# Understanding decidability

Sorry this is a basic question to understand decidability. It is the first time I see it in my undergrad course.

1) I am reading why the language AFDA is decidable and why ATM (halting problem) is not. The explanation says that the emulated TM in ATM might loop forever. I agree, because a specific input string might make the TM going forever, always able to apply rules and never halting.

However, why is AFDA decidable? What if the automaton never reaches any of its final states and keeps looping? There might be a specific input that makes the FDA never reach such states. I understand that once the input string finishes, it will be either accepted or rejected, but what if it does not finish? I'm assuming the input string in the TM can be infinite.

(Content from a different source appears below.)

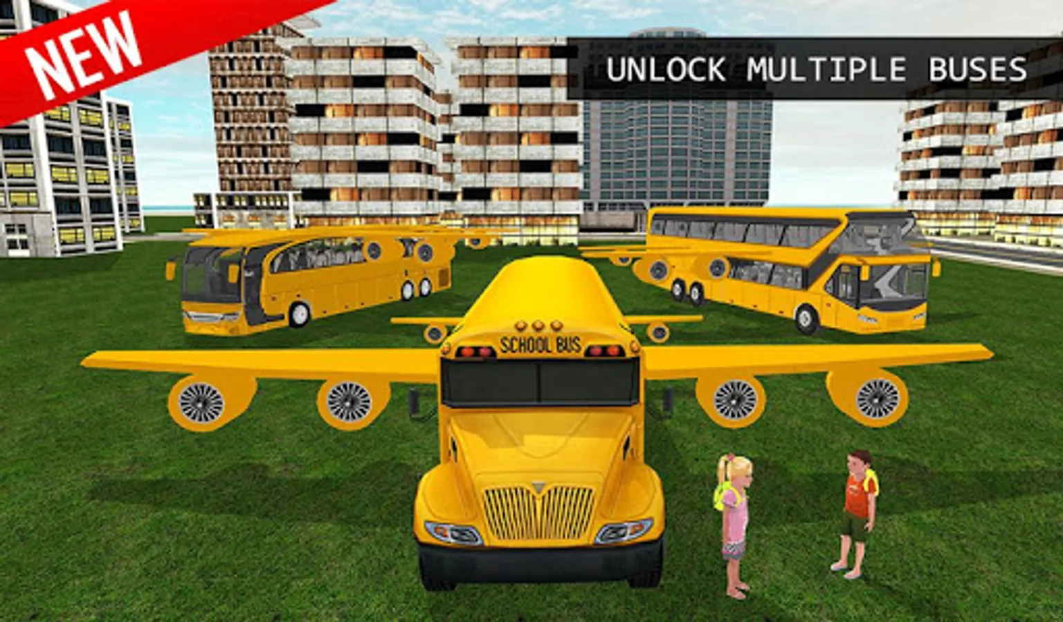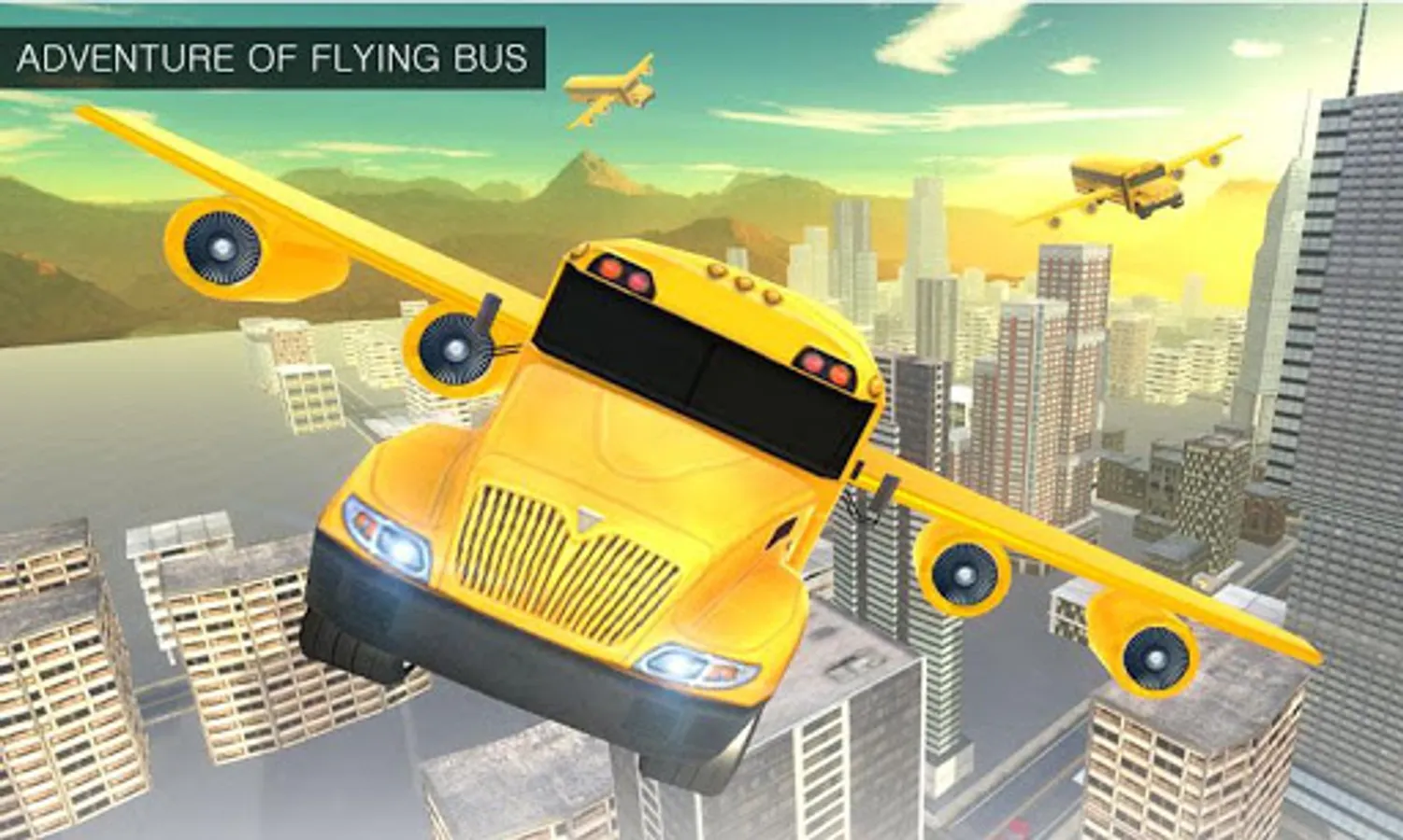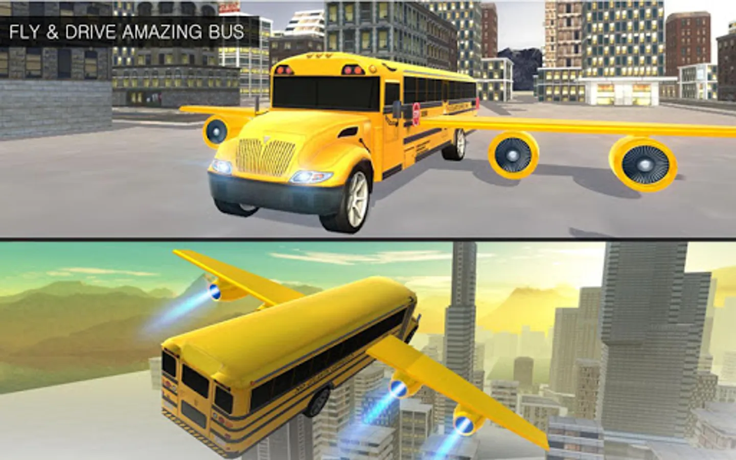 Fly your own #1 free to play flying bus simulator. Fly your luxurious Muscle flying bus on top of the city. Amazing Flying bus more realistic when you pick and drop the school Students from one destination to another. Stunning eye catching 3D graphics more attract to the school students of flying school bus. Flying school bus simulator brings for you the challenging flight in extreme weather condition. Test your Flying, like helicopter flying, Airplane flying and car driving ability at the same time in this game!

2) The same problem I have here:

A = { 0^k 1^k | k >= 0}


This language is decidable, and it will halt in strings like 10, 010101, etc but what if the input string is infinite 01010101...... it will never end.

What am I missing?

• I am sorry but I originally published it in StackOverflow where I saw plenty of questions about TMs. Then I was sent here... then now you -1 my question and send me to Computer Science... Nobody agrees. I think my question is strongly related to theoretical computer science, though... – Bea Mar 5 '14 at 19:46
• no dispute that this relates to theoretical computer science. However, it's the "level" of the question that places it in CS.SE. I'm sorry that SO moved you here: they should have moved you straight to CS.SE – Suresh Mar 5 '14 at 19:56
• Yes, thanks. I read the help center and I agree the question does not belong here. I did not even know about this site, but this is what I was told in SO... Sorry about that – Bea Mar 5 '14 at 19:58
• too many acronyms around ... I have done quite a bit of automata theory, but I do not recall seeing AFDA before. – babou Mar 6 '14 at 13:13

2) Inputs are always finite strings. There are generalizations of finite automata ($\omega$-automata of various kinds [Buchi, Rabin, Muller]) that accept $\omega$-words (countably infinite strings) as inputs.